Our results indicate that changes in oocyte cell membrane viscosity may also be related to the woman's age. Finally, our findings suggest that Piezo‐ICSI is particularly effective for patients aged >35 years undergoing ART, as Piezo‐ICSI is less invasive to oocytes of aged women compared with c‐ICSI.

DISCLOSURES

Conflict of interest: Kohyu Furuhashi, Yoshimi Saeki, Noritoshi Enatsu, Toshiroh Iwasaki, Koichi Ito, Yuri Mizusawa, Yukiko Matsumoto, Shoji Kokeguchi, and Masahide Shiotani declare that they have no conflicts of interest.

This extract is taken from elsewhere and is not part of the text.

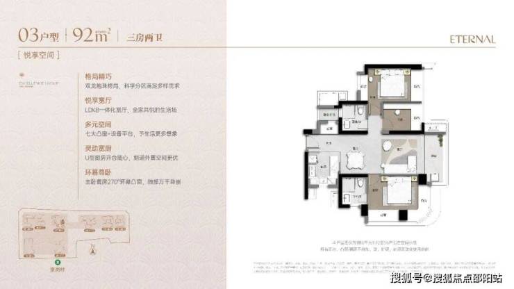92㎡三房两卫(约883-982万):双龙抱珠户型,竖厅设计,主卧带L型飘窗,大次卧有两个飘窗可通风对流,门槛友好,适合刚改家庭。
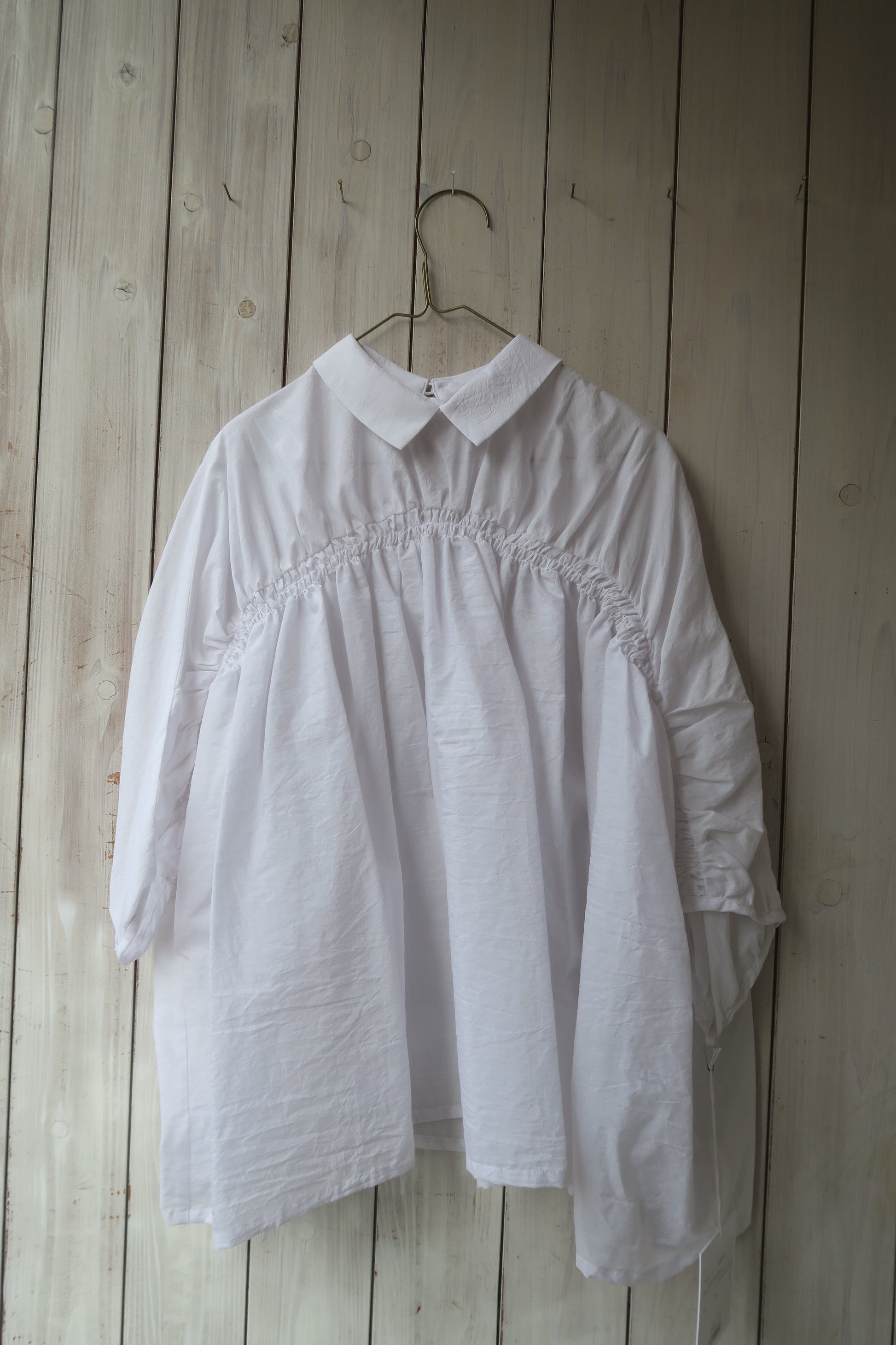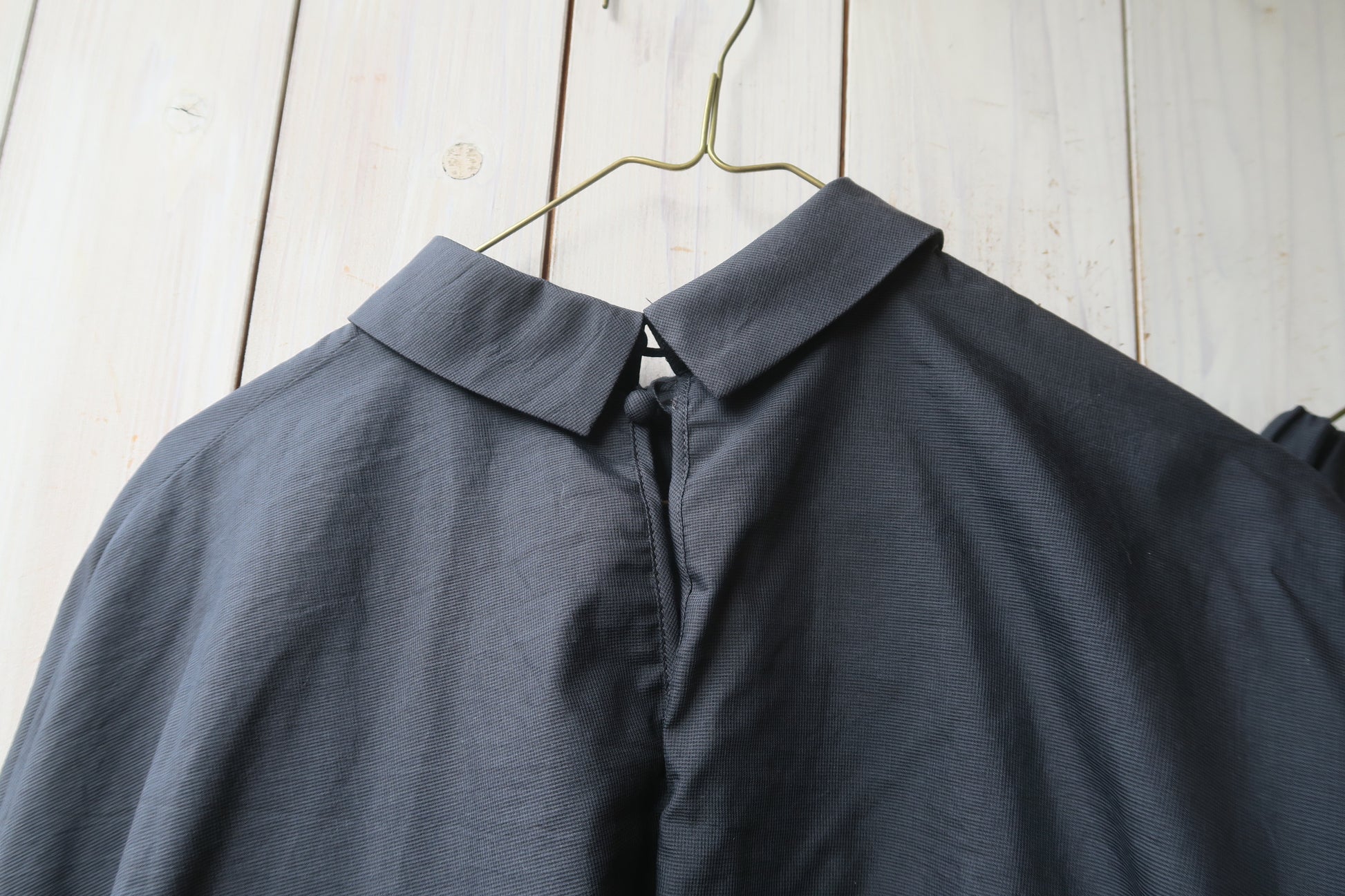 ブラウスのサイズ バスト140㎝ 着丈63㎝-首の後ろにくるみボタンで着脱

Human rights statements and informed consent: This study was approved by the Institutional Review Board of Hanabusa Women's Clinic (IRB number Hanabusa Women's Clinic #7). We thoroughly explained that all obtained oocytes would be used only for this study and not for research on fertilization or for parthenogenetic activation. All procedures were conducted in accordance with the ethical standards of the response committee on human experimentation and with the Helsinki Declaration of 1964 and its larger amendments.

Animal studies: None of the authors performed any research on animal subjects in this study.

Written consent: Informed consent was obtained from all individual participants included in this study.